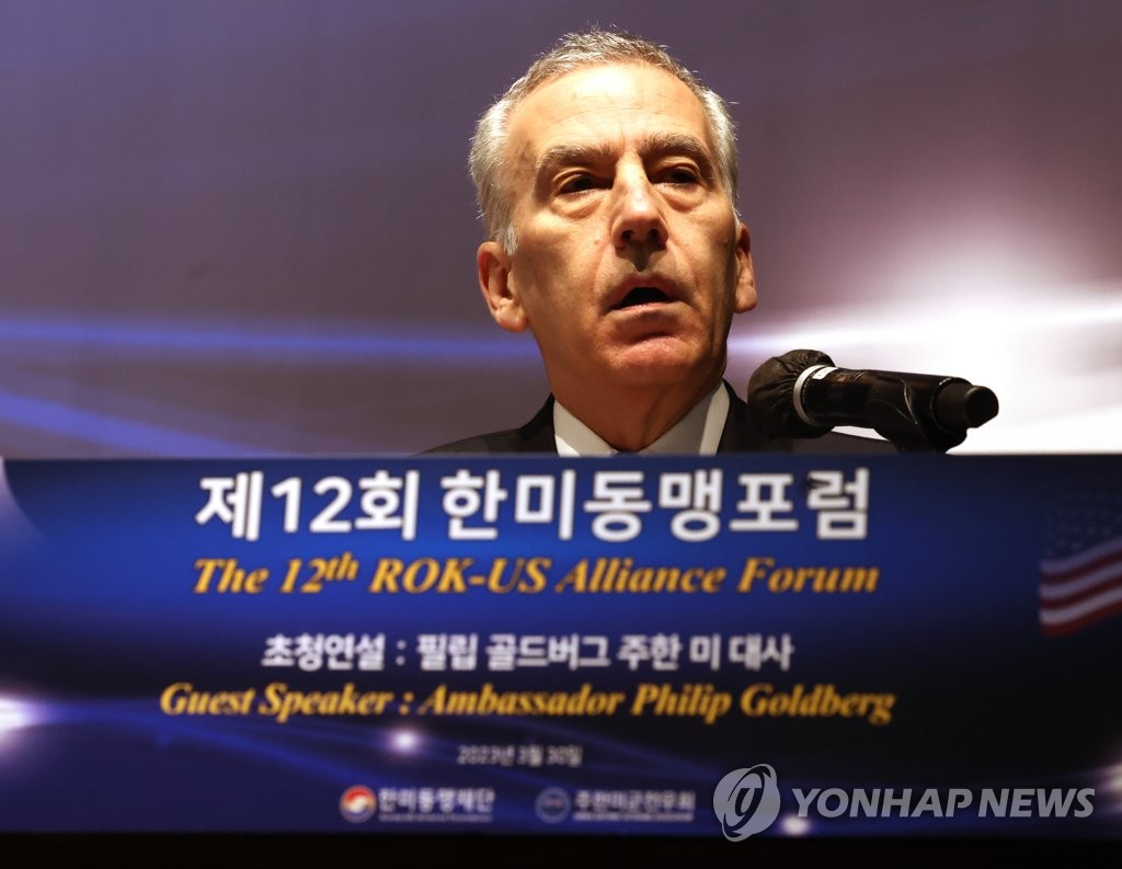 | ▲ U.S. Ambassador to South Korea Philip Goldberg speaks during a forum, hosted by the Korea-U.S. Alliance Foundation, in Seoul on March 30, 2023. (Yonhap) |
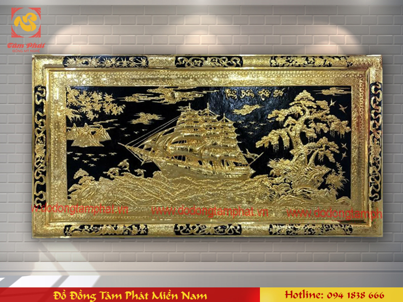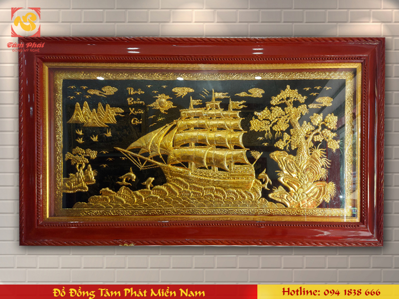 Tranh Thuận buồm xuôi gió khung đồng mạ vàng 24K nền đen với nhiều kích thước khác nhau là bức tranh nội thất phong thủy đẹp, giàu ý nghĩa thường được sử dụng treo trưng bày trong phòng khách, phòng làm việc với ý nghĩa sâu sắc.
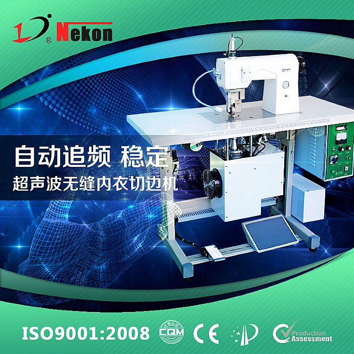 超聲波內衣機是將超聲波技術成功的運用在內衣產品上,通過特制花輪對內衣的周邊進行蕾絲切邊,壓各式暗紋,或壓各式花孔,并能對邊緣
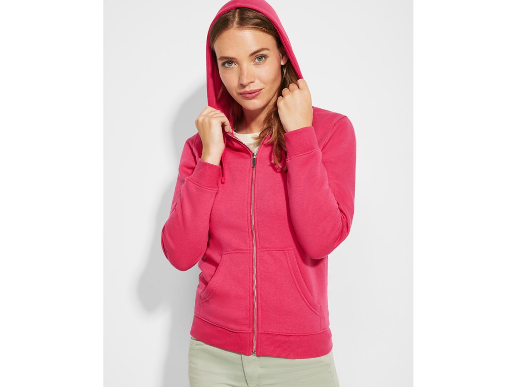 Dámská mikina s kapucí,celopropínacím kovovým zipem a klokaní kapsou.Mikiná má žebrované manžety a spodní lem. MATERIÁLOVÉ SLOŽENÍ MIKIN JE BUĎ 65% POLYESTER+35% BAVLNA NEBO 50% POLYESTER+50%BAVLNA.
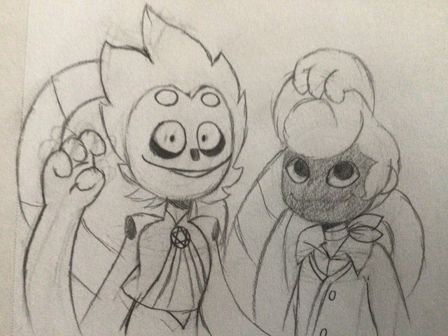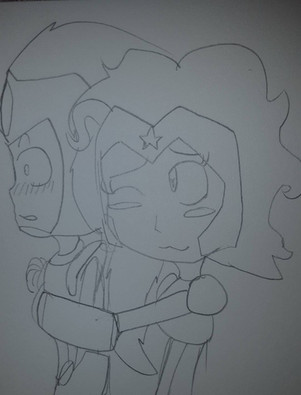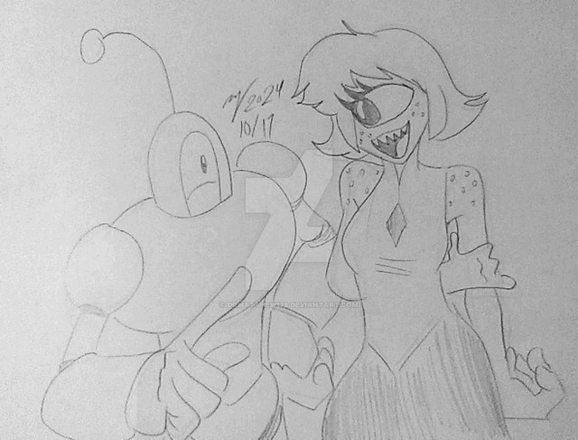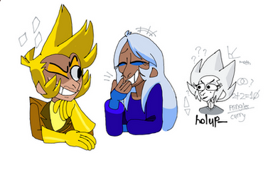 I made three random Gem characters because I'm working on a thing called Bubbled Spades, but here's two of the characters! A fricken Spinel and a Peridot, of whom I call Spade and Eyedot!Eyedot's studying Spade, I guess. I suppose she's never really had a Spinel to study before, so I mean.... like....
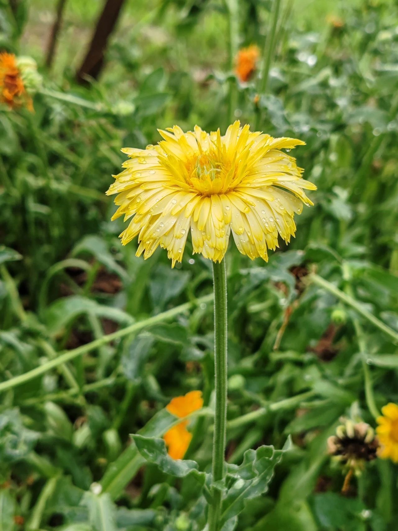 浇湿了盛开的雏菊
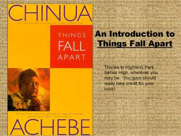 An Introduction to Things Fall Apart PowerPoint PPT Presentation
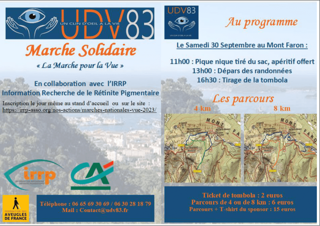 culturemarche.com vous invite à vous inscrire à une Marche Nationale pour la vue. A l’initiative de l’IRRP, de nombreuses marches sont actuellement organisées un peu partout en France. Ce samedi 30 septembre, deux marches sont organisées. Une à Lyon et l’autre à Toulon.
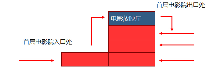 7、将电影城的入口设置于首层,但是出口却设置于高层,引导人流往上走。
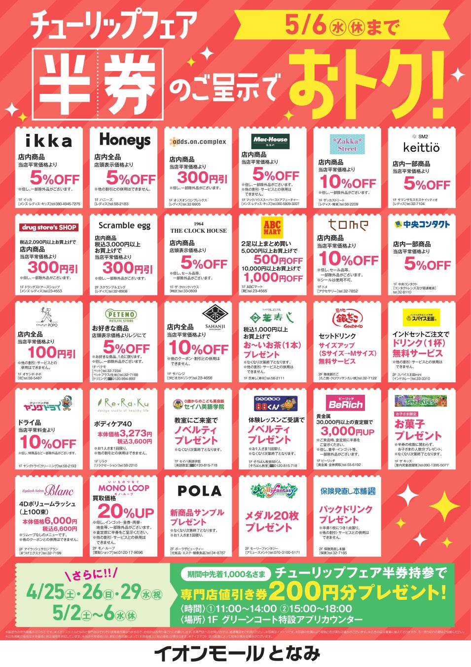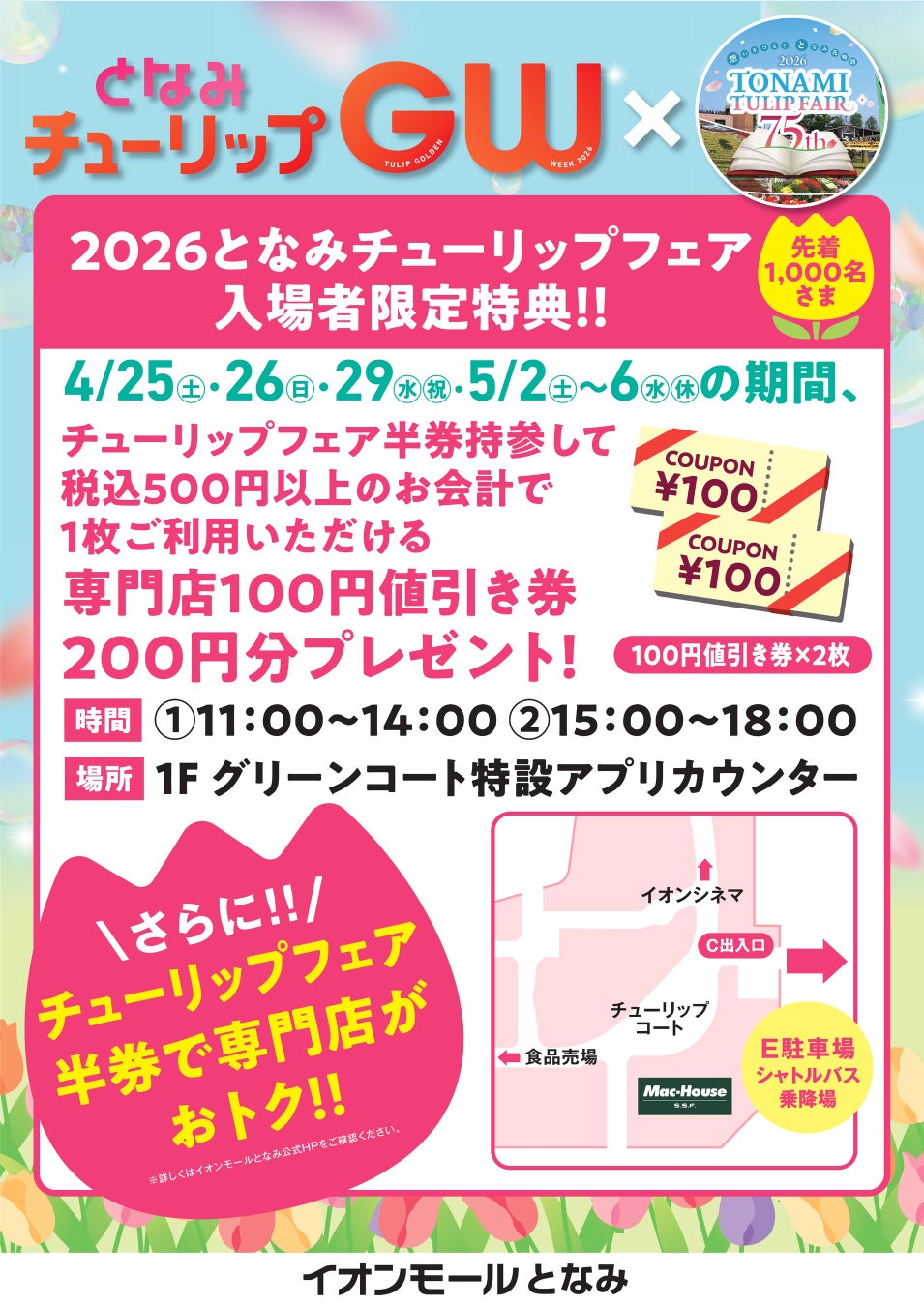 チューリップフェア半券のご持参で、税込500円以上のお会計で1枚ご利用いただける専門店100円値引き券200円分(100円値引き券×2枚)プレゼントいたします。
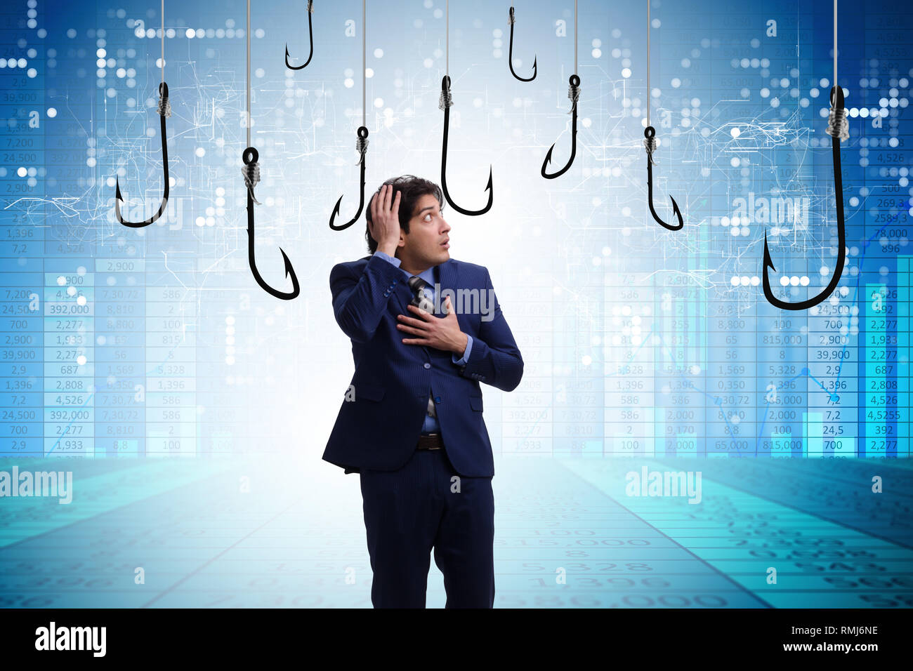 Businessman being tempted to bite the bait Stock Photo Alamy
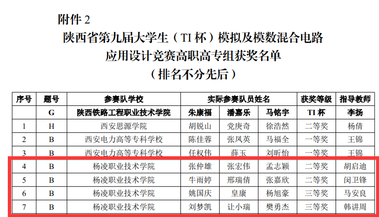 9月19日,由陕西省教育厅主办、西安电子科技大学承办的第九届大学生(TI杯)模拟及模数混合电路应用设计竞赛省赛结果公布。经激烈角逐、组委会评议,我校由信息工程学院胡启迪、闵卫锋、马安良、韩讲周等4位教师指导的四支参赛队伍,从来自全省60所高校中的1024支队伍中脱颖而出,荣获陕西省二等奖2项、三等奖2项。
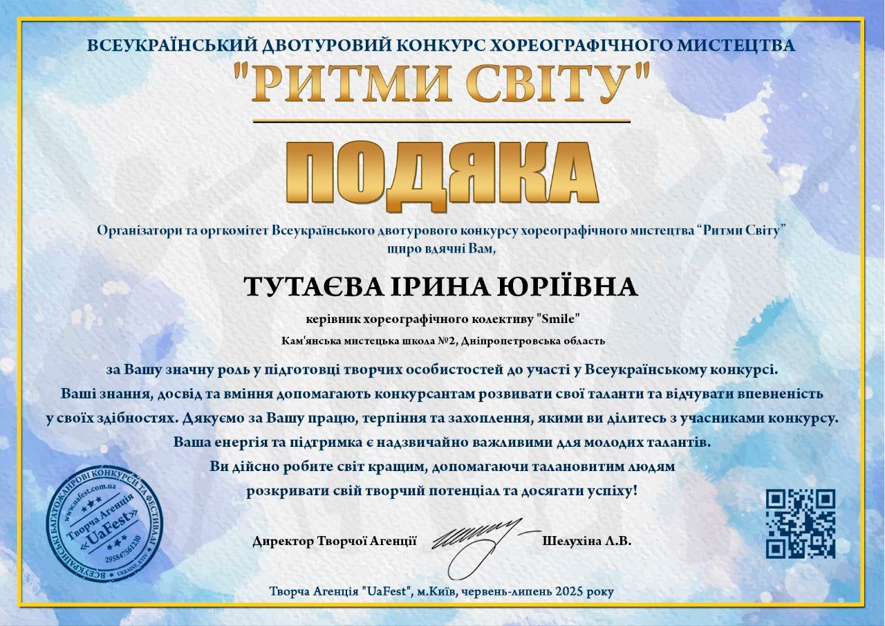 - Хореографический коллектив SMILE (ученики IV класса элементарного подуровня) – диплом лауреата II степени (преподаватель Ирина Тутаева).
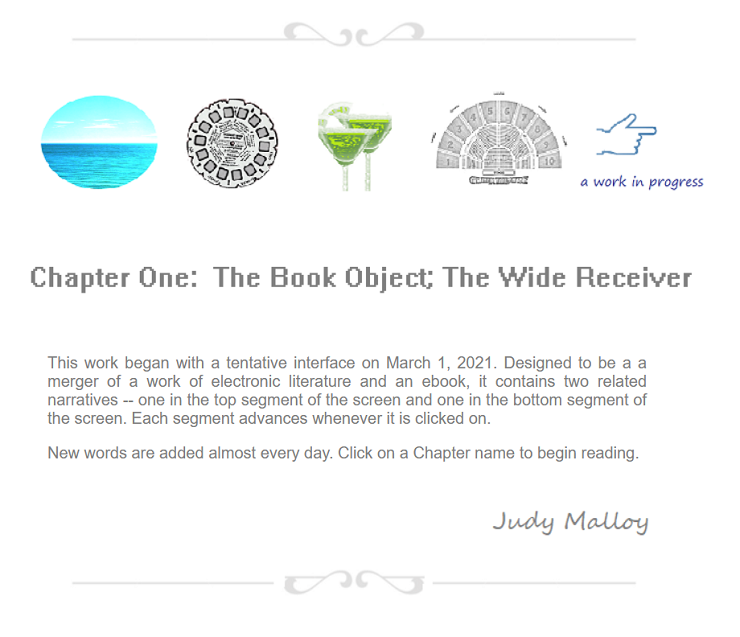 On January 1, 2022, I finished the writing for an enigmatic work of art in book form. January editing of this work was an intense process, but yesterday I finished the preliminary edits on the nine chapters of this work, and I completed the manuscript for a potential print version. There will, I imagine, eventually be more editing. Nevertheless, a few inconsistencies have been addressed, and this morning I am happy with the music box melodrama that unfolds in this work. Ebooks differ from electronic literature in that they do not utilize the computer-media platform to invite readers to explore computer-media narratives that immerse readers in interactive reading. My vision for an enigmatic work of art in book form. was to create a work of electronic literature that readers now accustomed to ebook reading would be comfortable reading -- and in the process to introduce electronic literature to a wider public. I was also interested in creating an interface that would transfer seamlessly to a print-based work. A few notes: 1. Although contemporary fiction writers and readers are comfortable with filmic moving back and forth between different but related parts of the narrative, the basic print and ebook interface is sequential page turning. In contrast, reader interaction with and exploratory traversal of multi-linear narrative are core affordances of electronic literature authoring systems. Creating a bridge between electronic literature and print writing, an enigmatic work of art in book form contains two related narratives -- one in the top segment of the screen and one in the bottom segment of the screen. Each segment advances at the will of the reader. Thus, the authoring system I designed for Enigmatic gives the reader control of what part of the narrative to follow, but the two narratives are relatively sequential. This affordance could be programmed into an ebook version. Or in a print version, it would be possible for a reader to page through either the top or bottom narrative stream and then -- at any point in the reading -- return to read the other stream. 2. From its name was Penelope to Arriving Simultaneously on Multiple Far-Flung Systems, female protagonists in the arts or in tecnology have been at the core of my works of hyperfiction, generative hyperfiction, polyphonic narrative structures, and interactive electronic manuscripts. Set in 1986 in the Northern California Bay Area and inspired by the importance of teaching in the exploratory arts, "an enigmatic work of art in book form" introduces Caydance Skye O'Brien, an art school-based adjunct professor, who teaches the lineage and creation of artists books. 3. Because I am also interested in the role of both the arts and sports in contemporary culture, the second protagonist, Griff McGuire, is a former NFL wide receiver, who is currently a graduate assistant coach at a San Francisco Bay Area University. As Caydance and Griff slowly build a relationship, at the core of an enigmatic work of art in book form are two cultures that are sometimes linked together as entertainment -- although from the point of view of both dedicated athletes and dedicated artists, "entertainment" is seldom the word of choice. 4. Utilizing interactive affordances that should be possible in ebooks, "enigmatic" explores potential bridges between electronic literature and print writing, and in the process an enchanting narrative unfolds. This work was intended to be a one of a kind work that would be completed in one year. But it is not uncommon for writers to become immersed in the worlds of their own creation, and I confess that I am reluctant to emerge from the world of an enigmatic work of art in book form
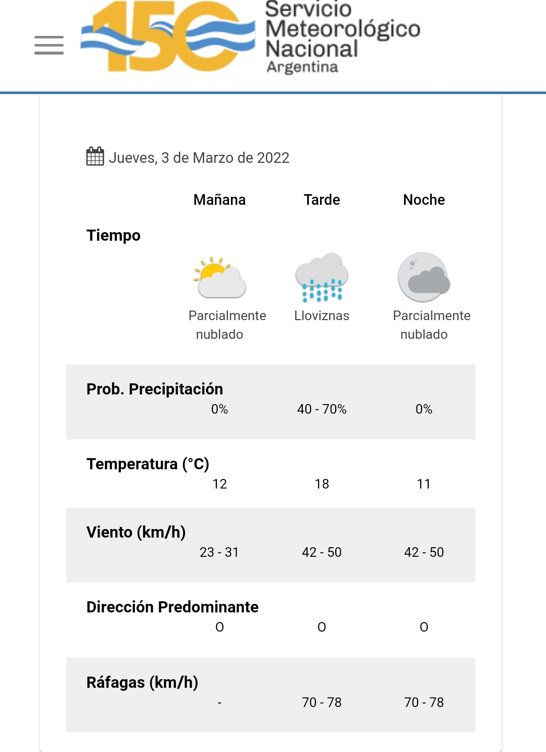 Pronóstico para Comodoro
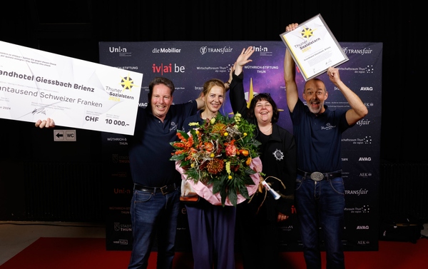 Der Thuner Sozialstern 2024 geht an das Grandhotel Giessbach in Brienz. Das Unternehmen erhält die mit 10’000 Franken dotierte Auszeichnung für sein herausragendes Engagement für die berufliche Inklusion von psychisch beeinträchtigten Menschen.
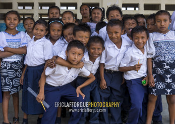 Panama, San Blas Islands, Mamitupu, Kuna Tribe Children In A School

^^^^

Now transcribe all the entries above exactly, so that no picture is carried over.

 | ▲ U.S. Ambassador to South Korea Philip Goldberg speaks during a forum, hosted by the Korea-U.S. Alliance Foundation, in Seoul on March 30, 2023. (Yonhap) |
 Tranh Thuận buồm xuôi gió khung đồng mạ vàng 24K nền đen với nhiều kích thước khác nhau là bức tranh nội thất phong thủy đẹp, giàu ý nghĩa thường được sử dụng treo trưng bày trong phòng khách, phòng làm việc với ý nghĩa sâu sắc.
 超聲波內衣機是將超聲波技術成功的運用在內衣產品上,通過特制花輪對內衣的周邊進行蕾絲切邊,壓各式暗紋,或壓各式花孔,并能對邊緣
 Dámská mikina s kapucí,celopropínacím kovovým zipem a klokaní kapsou.Mikiná má žebrované manžety a spodní lem. MATERIÁLOVÉ SLOŽENÍ MIKIN JE BUĎ 65% POLYESTER+35% BAVLNA NEBO 50% POLYESTER+50%BAVLNA.
 I made three random Gem characters because I'm working on a thing called Bubbled Spades, but here's two of the characters! A fricken Spinel and a Peridot, of whom I call Spade and Eyedot!Eyedot's studying Spade, I guess. I suppose she's never really had a Spinel to study before, so I mean.... like....
 浇湿了盛开的雏菊
 An Introduction to Things Fall Apart PowerPoint PPT Presentation
 culturemarche.com vous invite à vous inscrire à une Marche Nationale pour la vue. A l’initiative de l’IRRP, de nombreuses marches sont actuellement organisées un peu partout en France. Ce samedi 30 septembre, deux marches sont organisées. Une à Lyon et l’autre à Toulon.
 7、将电影城的入口设置于首层,但是出口却设置于高层,引导人流往上走。
 チューリップフェア半券のご持参で、税込500円以上のお会計で1枚ご利用いただける専門店100円値引き券200円分(100円値引き券×2枚)プレゼントいたします。
 Businessman being tempted to bite the bait Stock Photo Alamy
 9月19日,由陕西省教育厅主办、西安电子科技大学承办的第九届大学生(TI杯)模拟及模数混合电路应用设计竞赛省赛结果公布。经激烈角逐、组委会评议,我校由信息工程学院胡启迪、闵卫锋、马安良、韩讲周等4位教师指导的四支参赛队伍,从来自全省60所高校中的1024支队伍中脱颖而出,荣获陕西省二等奖2项、三等奖2项。
 - Хореографический коллектив SMILE (ученики IV класса элементарного подуровня) – диплом лауреата II степени (преподаватель Ирина Тутаева).
 On January 1, 2022, I finished the writing for an enigmatic work of art in book form. January editing of this work was an intense process, but yesterday I finished the preliminary edits on the nine chapters of this work, and I completed the manuscript for a potential print version. There will, I imagine, eventually be more editing. Nevertheless, a few inconsistencies have been addressed, and this morning I am happy with the music box melodrama that unfolds in this work. Ebooks differ from electronic literature in that they do not utilize the computer-media platform to invite readers to explore computer-media narratives that immerse readers in interactive reading. My vision for an enigmatic work of art in book form. was to create a work of electronic literature that readers now accustomed to ebook reading would be comfortable reading -- and in the process to introduce electronic literature to a wider public. I was also interested in creating an interface that would transfer seamlessly to a print-based work. A few notes: 1. Although contemporary fiction writers and readers are comfortable with filmic moving back and forth between different but related parts of the narrative, the basic print and ebook interface is sequential page turning. In contrast, reader interaction with and exploratory traversal of multi-linear narrative are core affordances of electronic literature authoring systems. Creating a bridge between electronic literature and print writing, an enigmatic work of art in book form contains two related narratives -- one in the top segment of the screen and one in the bottom segment of the screen. Each segment advances at the will of the reader. Thus, the authoring system I designed for Enigmatic gives the reader control of what part of the narrative to follow, but the two narratives are relatively sequential. This affordance could be programmed into an ebook version. Or in a print version, it would be possible for a reader to page through either the top or bottom narrative stream and then -- at any point in the reading -- return to read the other stream. 2. From its name was Penelope to Arriving Simultaneously on Multiple Far-Flung Systems, female protagonists in the arts or in tecnology have been at the core of my works of hyperfiction, generative hyperfiction, polyphonic narrative structures, and interactive electronic manuscripts. Set in 1986 in the Northern California Bay Area and inspired by the importance of teaching in the exploratory arts, "an enigmatic work of art in book form" introduces Caydance Skye O'Brien, an art school-based adjunct professor, who teaches the lineage and creation of artists books. 3. Because I am also interested in the role of both the arts and sports in contemporary culture, the second protagonist, Griff McGuire, is a former NFL wide receiver, who is currently a graduate assistant coach at a San Francisco Bay Area University. As Caydance and Griff slowly build a relationship, at the core of an enigmatic work of art in book form are two cultures that are sometimes linked together as entertainment -- although from the point of view of both dedicated athletes and dedicated artists, "entertainment" is seldom the word of choice. 4. Utilizing interactive affordances that should be possible in ebooks, "enigmatic" explores potential bridges between electronic literature and print writing, and in the process an enchanting narrative unfolds. This work was intended to be a one of a kind work that would be completed in one year. But it is not uncommon for writers to become immersed in the worlds of their own creation, and I confess that I am reluctant to emerge from the world of an enigmatic work of art in book form
 Pronóstico para Comodoro
 Der Thuner Sozialstern 2024 geht an das Grandhotel Giessbach in Brienz. Das Unternehmen erhält die mit 10’000 Franken dotierte Auszeichnung für sein herausragendes Engagement für die berufliche Inklusion von psychisch beeinträchtigten Menschen.
 Panama, San Blas Islands, Mamitupu, Kuna Tribe Children In A School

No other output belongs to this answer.